[[ SUPPLIED MATERIAL, beginning ]]
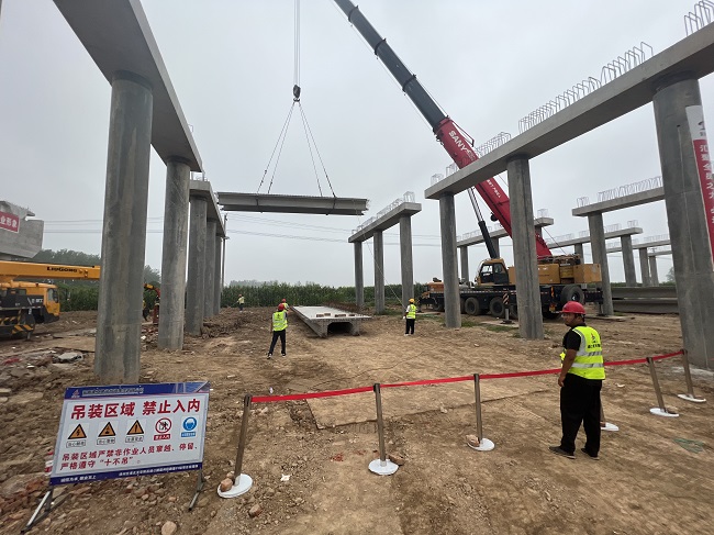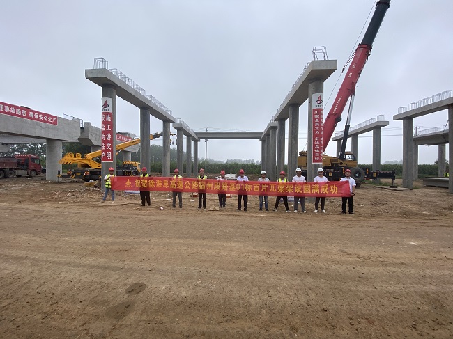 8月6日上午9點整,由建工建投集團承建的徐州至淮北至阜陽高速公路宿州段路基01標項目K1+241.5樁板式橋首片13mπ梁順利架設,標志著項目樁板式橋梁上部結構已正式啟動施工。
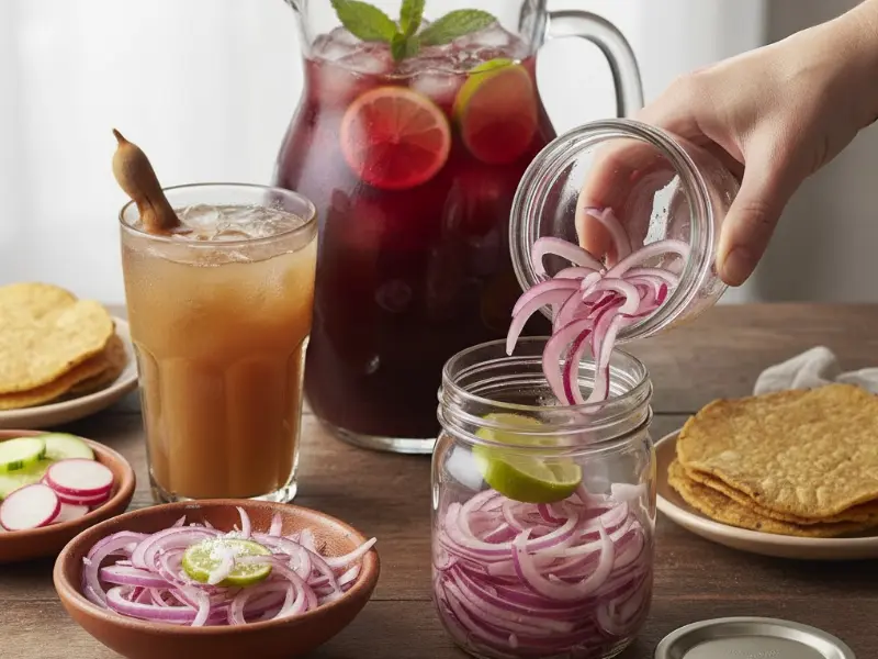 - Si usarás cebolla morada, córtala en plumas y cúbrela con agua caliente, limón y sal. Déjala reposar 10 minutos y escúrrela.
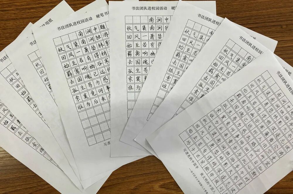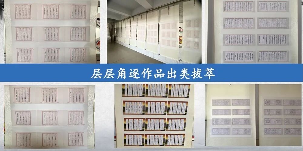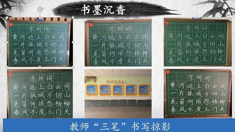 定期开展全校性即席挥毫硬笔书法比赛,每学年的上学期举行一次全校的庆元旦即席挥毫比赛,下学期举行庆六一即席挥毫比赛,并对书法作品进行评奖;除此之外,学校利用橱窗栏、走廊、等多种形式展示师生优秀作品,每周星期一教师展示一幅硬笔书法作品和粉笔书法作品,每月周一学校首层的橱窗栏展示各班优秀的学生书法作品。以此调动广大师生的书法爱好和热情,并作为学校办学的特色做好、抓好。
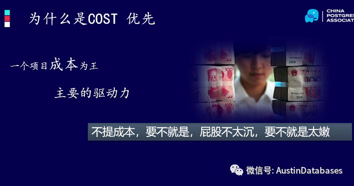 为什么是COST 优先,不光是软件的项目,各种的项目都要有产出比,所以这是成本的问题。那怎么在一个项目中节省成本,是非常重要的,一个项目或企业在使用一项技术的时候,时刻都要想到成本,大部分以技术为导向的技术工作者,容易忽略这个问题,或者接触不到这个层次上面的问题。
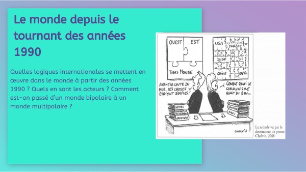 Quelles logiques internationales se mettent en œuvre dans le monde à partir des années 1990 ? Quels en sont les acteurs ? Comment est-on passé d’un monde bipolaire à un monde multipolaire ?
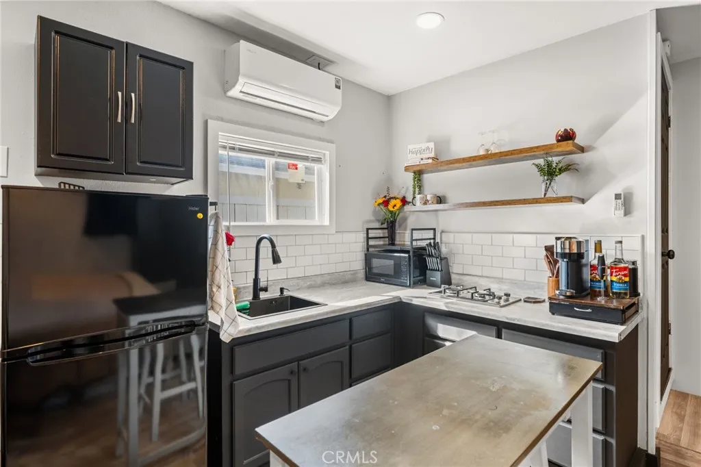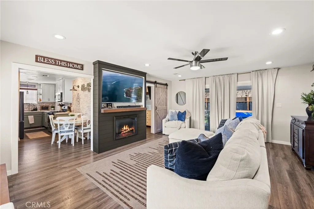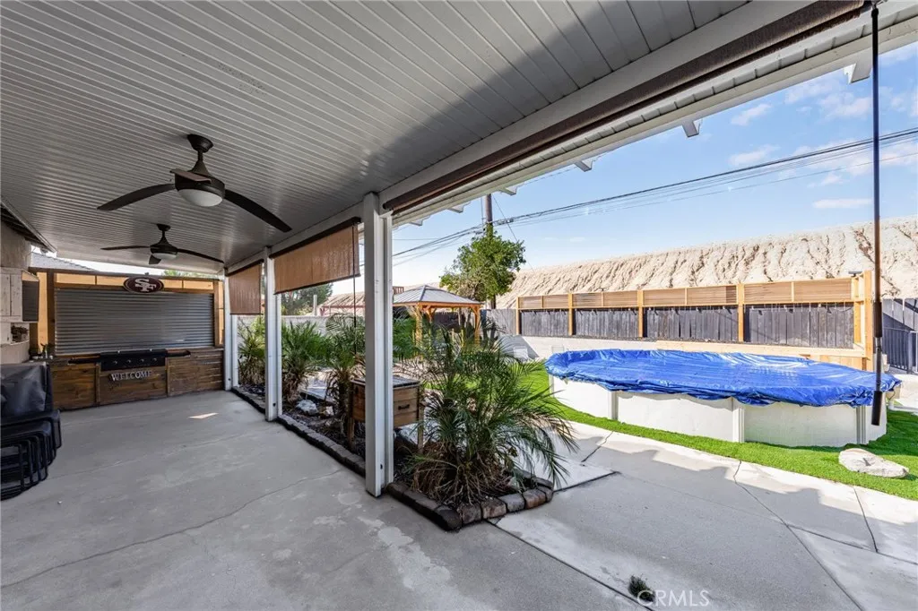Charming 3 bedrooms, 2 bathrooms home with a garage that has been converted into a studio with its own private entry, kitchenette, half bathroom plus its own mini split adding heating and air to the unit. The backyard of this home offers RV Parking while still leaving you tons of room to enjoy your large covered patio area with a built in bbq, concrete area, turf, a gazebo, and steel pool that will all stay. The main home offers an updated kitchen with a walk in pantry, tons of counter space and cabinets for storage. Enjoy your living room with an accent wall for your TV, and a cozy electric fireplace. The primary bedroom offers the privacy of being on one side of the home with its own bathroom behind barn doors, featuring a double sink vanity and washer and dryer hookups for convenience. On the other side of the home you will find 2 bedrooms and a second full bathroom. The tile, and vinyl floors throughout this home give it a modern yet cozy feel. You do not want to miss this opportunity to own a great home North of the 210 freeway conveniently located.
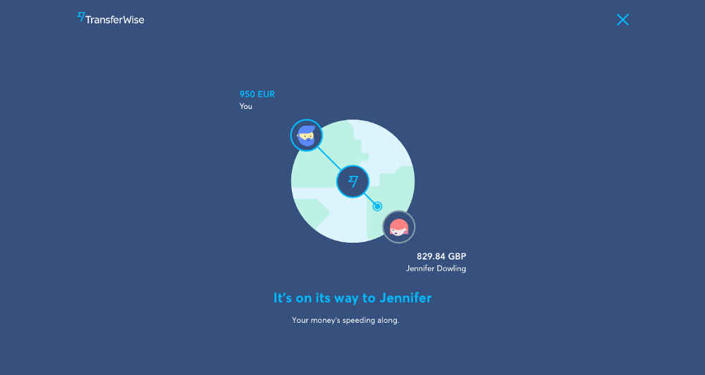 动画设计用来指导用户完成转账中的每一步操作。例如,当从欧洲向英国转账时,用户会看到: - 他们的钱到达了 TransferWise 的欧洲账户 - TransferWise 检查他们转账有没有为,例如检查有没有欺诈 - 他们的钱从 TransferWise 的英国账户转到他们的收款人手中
[[ SUPPLIED MATERIAL, end ]]
### WORK ORDER
Set down the material above exactly. Skip any picture.

### ANSWER SPACE
 8月6日上午9點整,由建工建投集團承建的徐州至淮北至阜陽高速公路宿州段路基01標項目K1+241.5樁板式橋首片13mπ梁順利架設,標志著項目樁板式橋梁上部結構已正式啟動施工。
 - Si usarás cebolla morada, córtala en plumas y cúbrela con agua caliente, limón y sal. Déjala reposar 10 minutos y escúrrela.
 定期开展全校性即席挥毫硬笔书法比赛,每学年的上学期举行一次全校的庆元旦即席挥毫比赛,下学期举行庆六一即席挥毫比赛,并对书法作品进行评奖;除此之外,学校利用橱窗栏、走廊、等多种形式展示师生优秀作品,每周星期一教师展示一幅硬笔书法作品和粉笔书法作品,每月周一学校首层的橱窗栏展示各班优秀的学生书法作品。以此调动广大师生的书法爱好和热情,并作为学校办学的特色做好、抓好。
 为什么是COST 优先,不光是软件的项目,各种的项目都要有产出比,所以这是成本的问题。那怎么在一个项目中节省成本,是非常重要的,一个项目或企业在使用一项技术的时候,时刻都要想到成本,大部分以技术为导向的技术工作者,容易忽略这个问题,或者接触不到这个层次上面的问题。
 Quelles logiques internationales se mettent en œuvre dans le monde à partir des années 1990 ? Quels en sont les acteurs ? Comment est-on passé d’un monde bipolaire à un monde multipolaire ?
Charming 3 bedrooms, 2 bathrooms home with a garage that has been converted into a studio with its own private entry, kitchenette, half bathroom plus its own mini split adding heating and air to the unit. The backyard of this home offers RV Parking while still leaving you tons of room to enjoy your large covered patio area with a built in bbq, concrete area, turf, a gazebo, and steel pool that will all stay. The main home offers an updated kitchen with a walk in pantry, tons of counter space and cabinets for storage. Enjoy your living room with an accent wall for your TV, and a cozy electric fireplace. The primary bedroom offers the privacy of being on one side of the home with its own bathroom behind barn doors, featuring a double sink vanity and washer and dryer hookups for convenience. On the other side of the home you will find 2 bedrooms and a second full bathroom. The tile, and vinyl floors throughout this home give it a modern yet cozy feel. You do not want to miss this opportunity to own a great home North of the 210 freeway conveniently located.
 动画设计用来指导用户完成转账中的每一步操作。例如,当从欧洲向英国转账时,用户会看到: - 他们的钱到达了 TransferWise 的欧洲账户 - TransferWise 检查他们转账有没有为,例如检查有没有欺诈 - 他们的钱从 TransferWise 的英国账户转到他们的收款人手中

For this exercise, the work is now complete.